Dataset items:

┌──

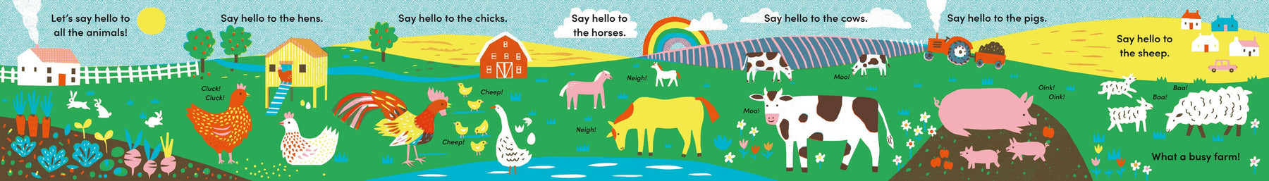 Featured on The Today Show! Make tummy time extra fun for little ones with this fold-out book with a mirror! Say hello to the animals on one side and a mirror for babies to see themselves on the other. This dazzling board book series is designed with tummy time in mind - a gentle exercise where a baby lies on their front to help strengthen their muscles and improve their head control. The fold-out format allows the book to be spread out in front of a baby, while the bold colors stimulate their developing eyesight. With bright, jaunty artwork from Louise Lockhart, this delightful new series will captivate even the wiggliest babies. Author: Lockhart, Louise PubDate: 45566 Age Range: Ages 0 to 3, Grades P to P Number of Pages: 14 Dimensions: 7.1 in H | 7 in W | 0.6 lb Wt Publisher Name: Nosy Crow Format Description: Board Book BISAC Category Description: Juvenile Fiction / Animals / Farm Animals
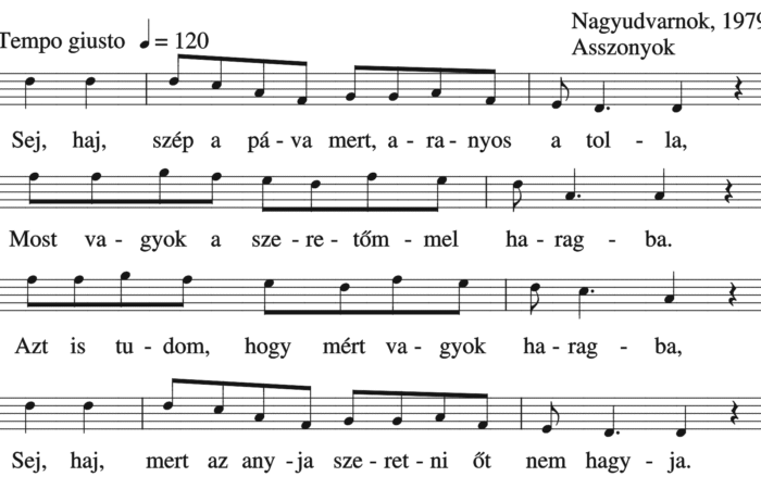 Sej, haj, szép a páva, mert aranyos a tolla, Most vagyok a szeretőmmel haragba. Azt is tudom, hogy mért vagyok...
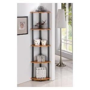The Furinno 5 Tier Corner Rack Bookcase Shelves Shelf Display Stand Rack for Multmiedia CD DVD, Display, Book - No Tool Assembly - Description
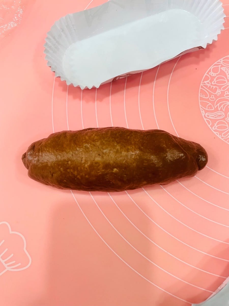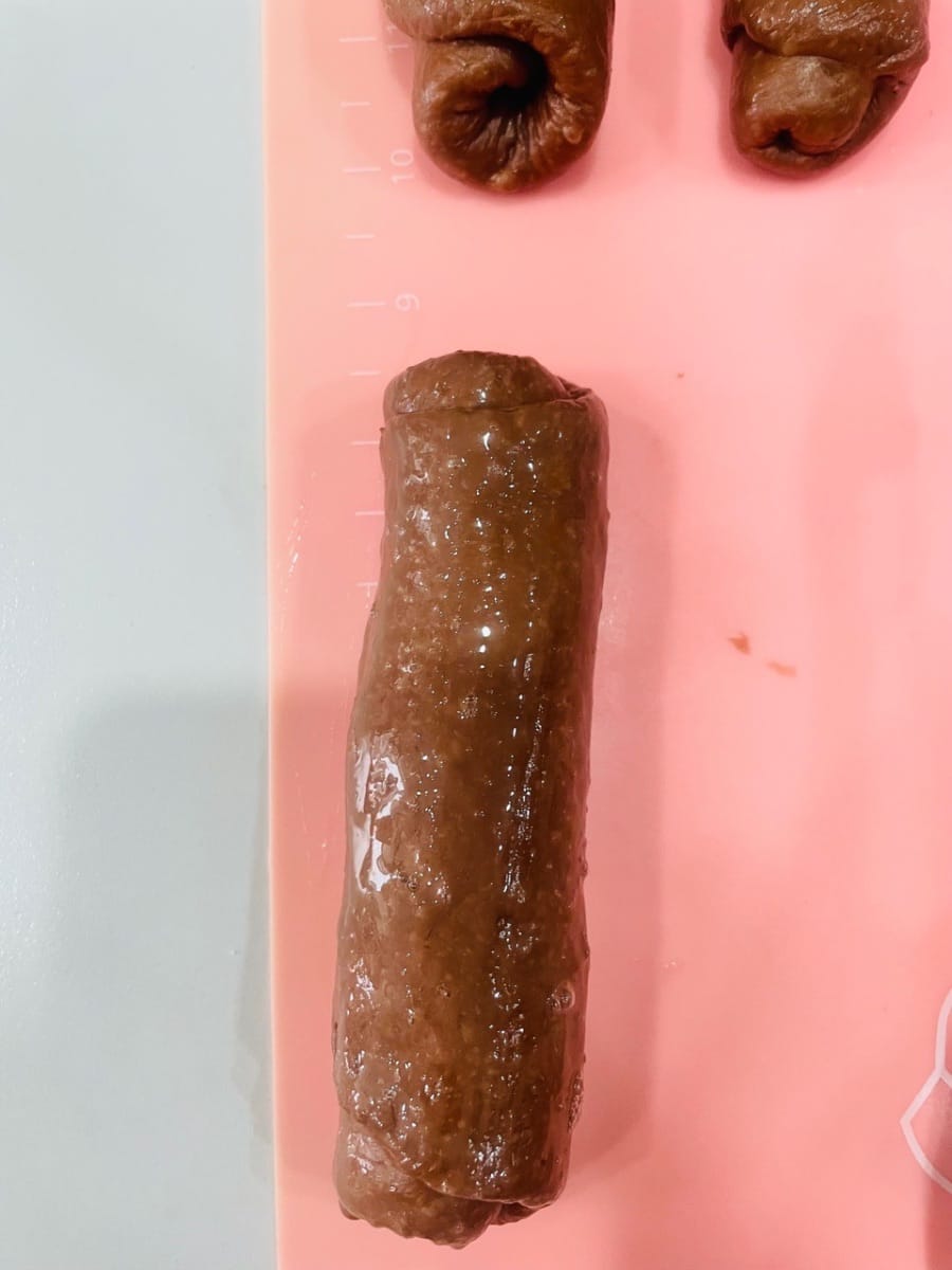 - Prendi una palla di pasta lievitata, stendila in una forma più larga in alto e più stretta in basso, quindi arrotolala dal lato stretto a quello largo, assicurandoti di sigillare bene la chiusura.
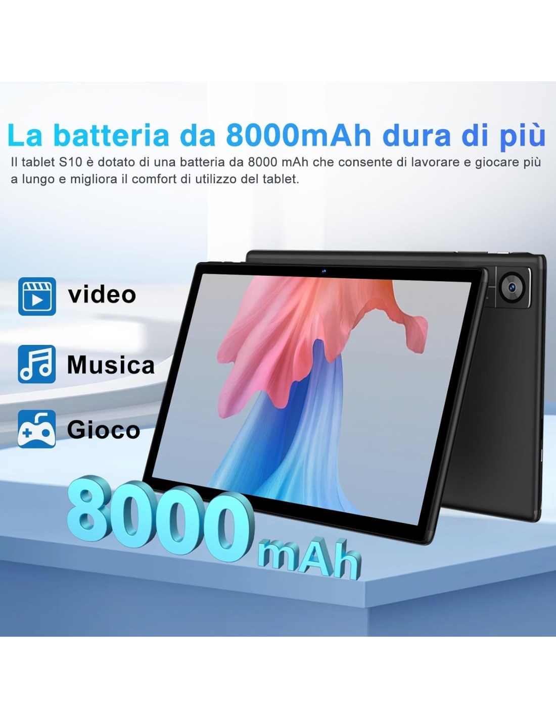 - 【10.1 Pollici+Certificato WideVine L1】Il Tablet S10 ha uno schermo IPS da 10.1 pollici con una risoluzione di 1280*800, che offre una migliore chiarezza dello schermo e colori ricchi.Il Tablet S10 supporta WideVine L1, che permette di sentire Youtube o Netflix su riproduzione video chiara a 1280P.Nel frattempo, il tablet S10 è abilitato al GPS e lo schermo HD facilita la visualizzazione del percorso.

└──

Exercise goal: Print the stretch of the data from the line with "- Prendi una" through its last line, exactly and with both ends kept. Omit pictures.

The completed task:
 - Prendi una palla di pasta lievitata, stendila in una forma più larga in alto e più stretta in basso, quindi arrotolala dal lato stretto a quello largo, assicurandoti di sigillare bene la chiusura.
 - 【10.1 Pollici+Certificato WideVine L1】Il Tablet S10 ha uno schermo IPS da 10.1 pollici con una risoluzione di 1280*800, che offre una migliore chiarezza dello schermo e colori ricchi.Il Tablet S10 supporta WideVine L1, che permette di sentire Youtube o Netflix su riproduzione video chiara a 1280P.Nel frattempo, il tablet S10 è abilitato al GPS e lo schermo HD facilita la visualizzazione del percorso.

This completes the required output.